What phong get really wrong is the highlight shape, which is too uniformly circular, and the lack of frensel. You can "break" the highlights using an exponent map (which should always be present, but it's especially important with Phong), adding fresnel is not easy as Phong simply does not reflect enough light at the grazing angles, and thus even multiplying with a decent approximation, like Schlick's, does not usually yield great results, it's better to use fresnel to (also) drive other parameters in the Phong model instead, either bending the reflection normal, or lowering the exponent.
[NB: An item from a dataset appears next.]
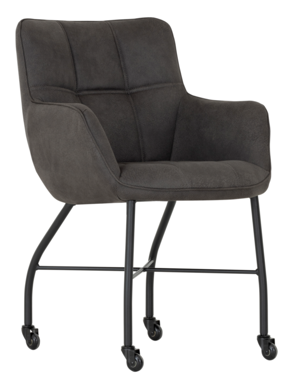 Eetkamerstoel Max is super handig met zijn parketwielen en daardoor niet alleen ideaal aan de eettafel maar ook aan een bureau bijvoorbeeld. De stof is van microvezelstof in een soort lederlook waardoor het makkelijk te onderhouden is. Max is in drie verschillende kleuren verkrijgbaar; zand, taupe en antraciet.

I probably should have included a fourth horror "bad behavior", as most CG humans (all? in videogames) really lack the proper "fleshiness" in terms of animation and behaviour, but that's a harder problem to tackle which is probably outside the realm of realtime animation, at least for most games where you have many characters on screen and you can't afford having 300 bones in each plus some soft-body system and some UV relaxation and so on...

Really what I wanted to point out are some simple things that every game should do, aspects which can most of the times be fixed to a decent degree with really cheap hacks, but do require an understanding of how the underlying physics work and how our perception works to then focus on what really matters visually.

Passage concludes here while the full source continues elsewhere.